2. Commission Of Food Aggregators
The increased number of cloud kitchens in Dubai has germinated the problem of high commission charged by food aggregators. Post pandemic, there has been an immense increase in incoming online orders. Receiving and keeping track of bulk orders is an arduous task for cloud kitchen operators. There also arises a problem of insufficient delivery boys, especially during lunch hours.
So cloud kitchens rely entirely on delivery services like Deliveroo, Talabat, UberEats, etc. These aggregators provide their delivery couriers to the cloud kitchen and also allow them to reach out to new customer segments. But, all this comfort comes with a price: the commission payable to the middlemen. Food aggregators have high rates of commission which reduces the business’s overall revenue for cloud kitchen owners. For instance, Deliveroo charges 30-35 percent while Talabat charges around 20-25 percent of the total order bill as commission.
As a solution to this, brands have started adopting the “full-stack” model. In it, the cloud kitchen singlehandedly handles all the supply chain operations – from brand creation and cooking to door-step delivery. Owning the entire supply chain and having all the operations in one’s own hands saves commission expenses and also keeps a check on the quality.
3. Increased Competition Among Cloud Kitchens In Dubai
The business has boomed for cloud kitchens post lockdown, and the market has been growing ever since due to new investors. This has increased the risk of self-sabotage if the market falls or ceases to grow at the present rate.
Dubai’s cloud kitchen business is getting too crowded as the number of kitchens has increased in the city. The solution to this problem: consistently maintaining the quality of the service and food that you deliver. Substandard products and service is simply not an option when you are competing with 400 other brands from 80 different locations in the country, most of which are based in Dubai. Sustaining such stiff competition can no doubt be challenging, however, maintaining the quality of product and service is a must.
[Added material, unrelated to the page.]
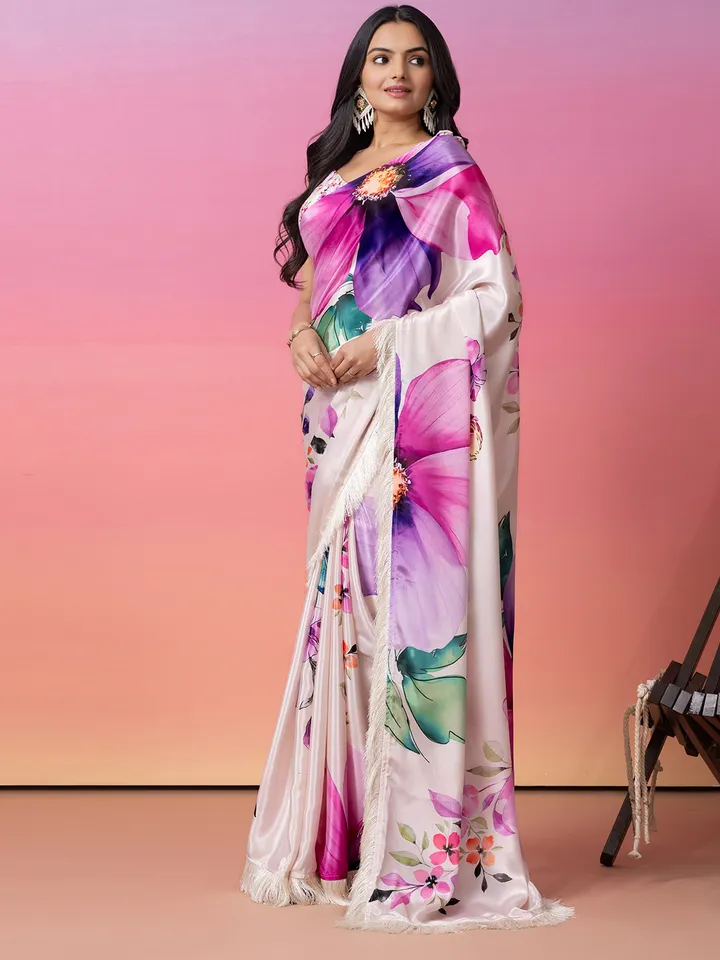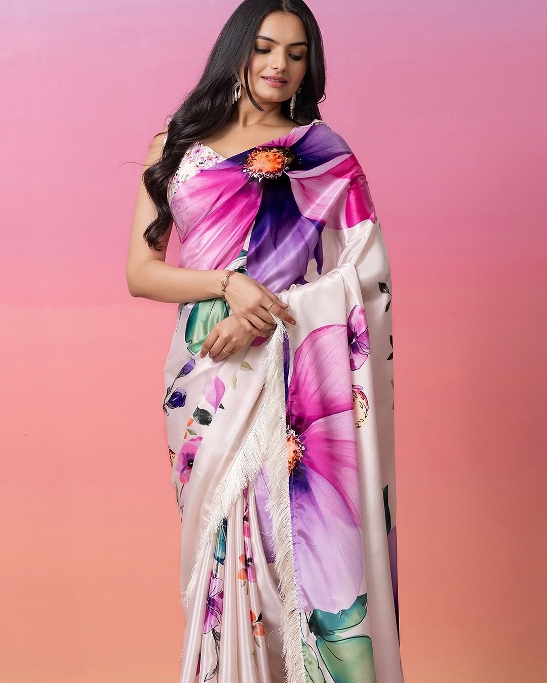 Floral Digital Printed Soft Silk Saree With Blouse Piece | DG-225

Furthermore, another solution to this problem is to explore new services. For example, some cloud kitchens are expanding to newer categories like delivering groceries and other products. This can create a whole new market for cloud kitchens and allow them to bypass fierce competition amid the pandemic.
4. Lack Of Technology
The rising number of orders has created a heavy demand for automation in the cloud kitchen industry in Dubai. However, the restaurant sector of Dubai is not quite there yet in terms of technology. People are reluctant to invest in technology and prefer to stick to traditional methods of managing a restaurant unaware of the many perks that it has to offer.
However, the application of technology is gradually expanding across the F&B industry. Cloud kitchen owners have just started embracing technology – a practice triggered due to the pandemic. From small tasks like ordering inventory, managing stock, ingredient tracking, etc., to billing and reconciliation, cloud kitchen businesses in Dubai are slowly becoming more tech-centric. For example, Kitopi, one of the largest cloud kitchens worldwide, based in Dubai, has now started leveraging artificial intelligence to ensure compliance with the new norms by the staff. The road is pretty much uphill from here.
Cloud kitchens are indeed the unicorn of the restaurant industry in Dubai. By adapting to the changing market landscape at an impressive speed, they have led the recovery of the F&B sector in the UAE. In doing so, they have proved that it is possible for the industry to survive and thrive during these challenging times.